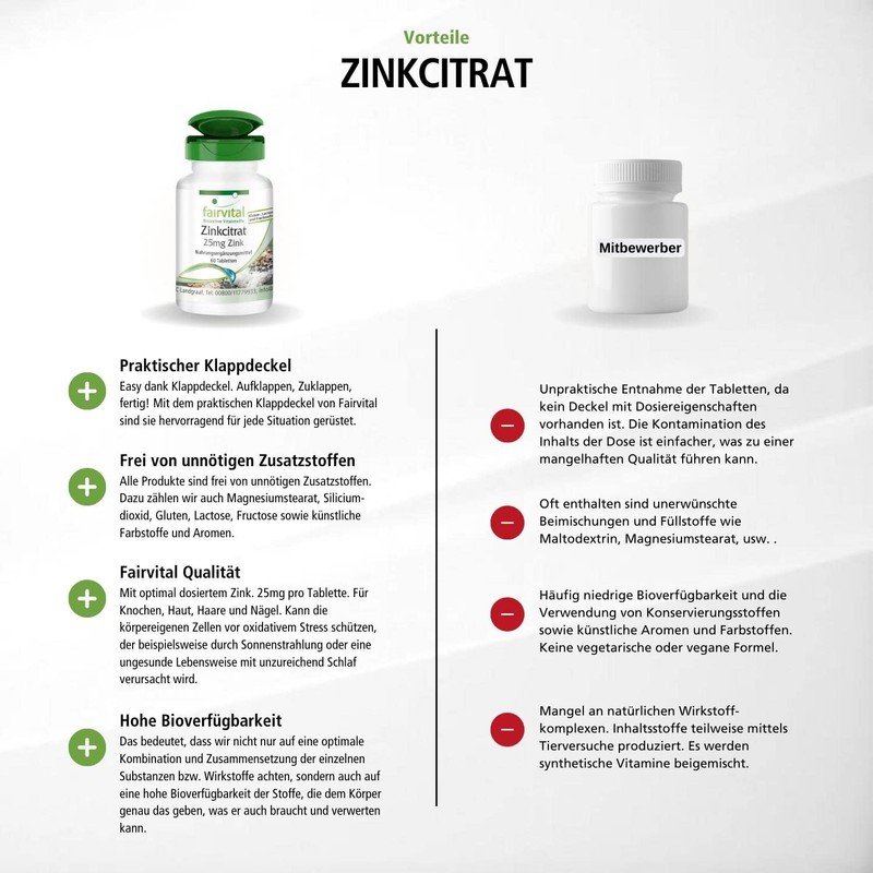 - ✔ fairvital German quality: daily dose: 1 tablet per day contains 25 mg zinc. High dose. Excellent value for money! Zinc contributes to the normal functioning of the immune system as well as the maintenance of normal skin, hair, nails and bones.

...

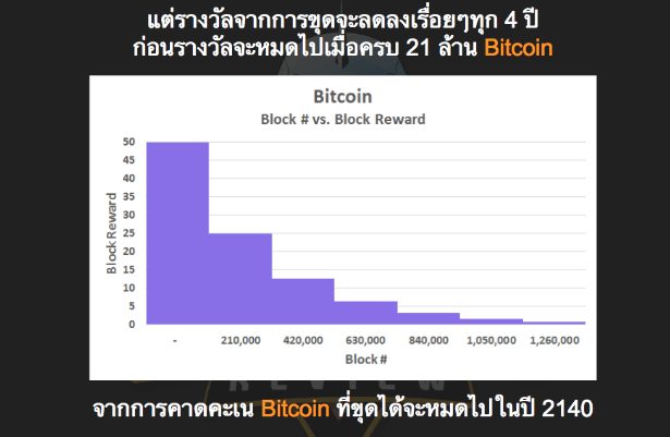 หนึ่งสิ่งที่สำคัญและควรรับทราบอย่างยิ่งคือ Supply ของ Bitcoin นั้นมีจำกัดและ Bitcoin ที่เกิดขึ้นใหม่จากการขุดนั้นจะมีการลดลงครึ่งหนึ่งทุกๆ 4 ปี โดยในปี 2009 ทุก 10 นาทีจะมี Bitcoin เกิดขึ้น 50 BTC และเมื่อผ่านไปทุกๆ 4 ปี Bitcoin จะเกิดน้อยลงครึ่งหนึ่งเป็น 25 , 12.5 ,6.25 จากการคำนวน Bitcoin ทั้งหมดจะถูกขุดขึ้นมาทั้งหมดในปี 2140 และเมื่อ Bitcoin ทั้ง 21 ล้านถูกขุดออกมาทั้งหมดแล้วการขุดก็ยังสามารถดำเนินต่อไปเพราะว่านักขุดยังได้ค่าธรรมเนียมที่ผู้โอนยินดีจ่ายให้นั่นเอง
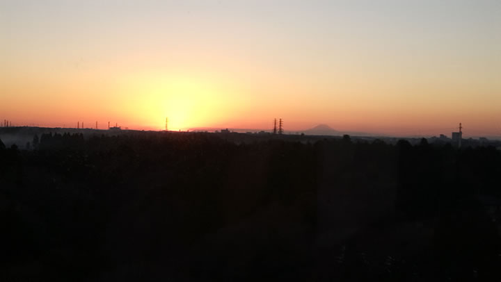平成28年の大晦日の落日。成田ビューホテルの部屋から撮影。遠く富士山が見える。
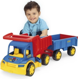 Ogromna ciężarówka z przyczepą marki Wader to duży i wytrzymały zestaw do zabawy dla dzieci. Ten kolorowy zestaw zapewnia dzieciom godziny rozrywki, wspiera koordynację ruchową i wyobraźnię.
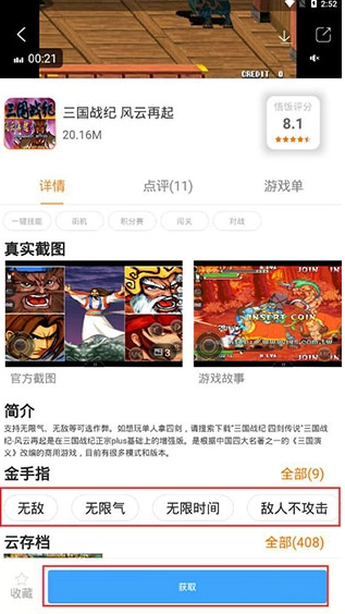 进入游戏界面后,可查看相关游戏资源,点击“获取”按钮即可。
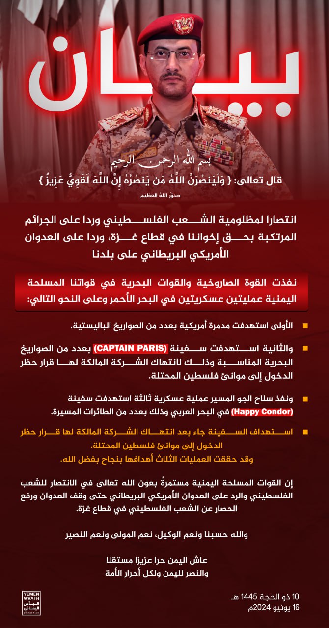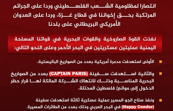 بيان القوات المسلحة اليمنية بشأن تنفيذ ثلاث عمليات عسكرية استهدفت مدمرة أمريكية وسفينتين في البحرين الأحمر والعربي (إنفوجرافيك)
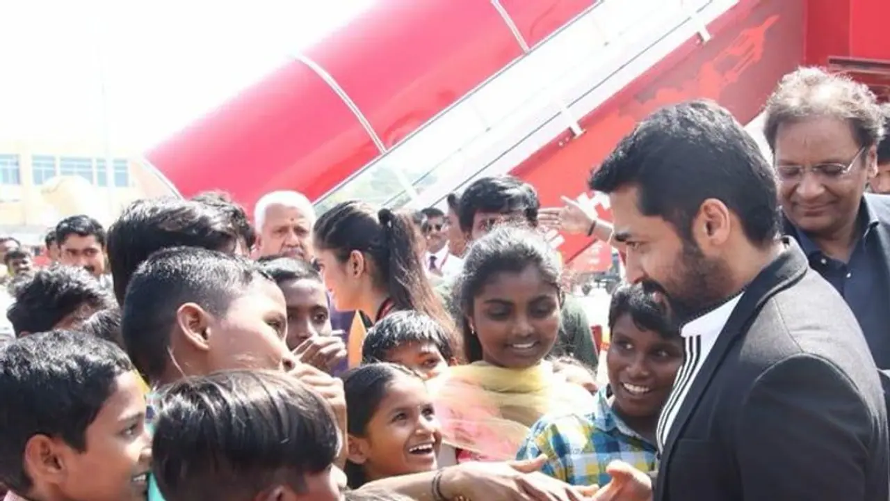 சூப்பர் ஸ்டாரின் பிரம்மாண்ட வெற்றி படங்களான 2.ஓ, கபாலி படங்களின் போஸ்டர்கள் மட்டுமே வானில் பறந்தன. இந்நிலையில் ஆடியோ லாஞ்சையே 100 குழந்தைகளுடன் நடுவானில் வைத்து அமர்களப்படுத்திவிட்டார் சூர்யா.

• EXERCISE GOAL
Going by the entries above, repeat exactly the lines that start at the line with "หนึ่งสิ่งที่สำคัญและควรรับทราบอย่างยิ่งคือ Supply ของ" and go on through the line with "சூப்பர் ஸ்டாரின் பிரம்மாண்ட". Pictures are not part of the copy.

• ANSWER BOX
 หนึ่งสิ่งที่สำคัญและควรรับทราบอย่างยิ่งคือ Supply ของ Bitcoin นั้นมีจำกัดและ Bitcoin ที่เกิดขึ้นใหม่จากการขุดนั้นจะมีการลดลงครึ่งหนึ่งทุกๆ 4 ปี โดยในปี 2009 ทุก 10 นาทีจะมี Bitcoin เกิดขึ้น 50 BTC และเมื่อผ่านไปทุกๆ 4 ปี Bitcoin จะเกิดน้อยลงครึ่งหนึ่งเป็น 25 , 12.5 ,6.25 จากการคำนวน Bitcoin ทั้งหมดจะถูกขุดขึ้นมาทั้งหมดในปี 2140 และเมื่อ Bitcoin ทั้ง 21 ล้านถูกขุดออกมาทั้งหมดแล้วการขุดก็ยังสามารถดำเนินต่อไปเพราะว่านักขุดยังได้ค่าธรรมเนียมที่ผู้โอนยินดีจ่ายให้นั่นเอง
平成28年の大晦日の落日。成田ビューホテルの部屋から撮影。遠く富士山が見える。
 Ogromna ciężarówka z przyczepą marki Wader to duży i wytrzymały zestaw do zabawy dla dzieci. Ten kolorowy zestaw zapewnia dzieciom godziny rozrywki, wspiera koordynację ruchową i wyobraźnię.
 进入游戏界面后,可查看相关游戏资源,点击“获取”按钮即可。
 بيان القوات المسلحة اليمنية بشأن تنفيذ ثلاث عمليات عسكرية استهدفت مدمرة أمريكية وسفينتين في البحرين الأحمر والعربي (إنفوجرافيك)
 சூப்பர் ஸ்டாரின் பிரம்மாண்ட வெற்றி படங்களான 2.ஓ, கபாலி படங்களின் போஸ்டர்கள் மட்டுமே வானில் பறந்தன. இந்நிலையில் ஆடியோ லாஞ்சையே 100 குழந்தைகளுடன் நடுவானில் வைத்து அமர்களப்படுத்திவிட்டார் சூர்யா.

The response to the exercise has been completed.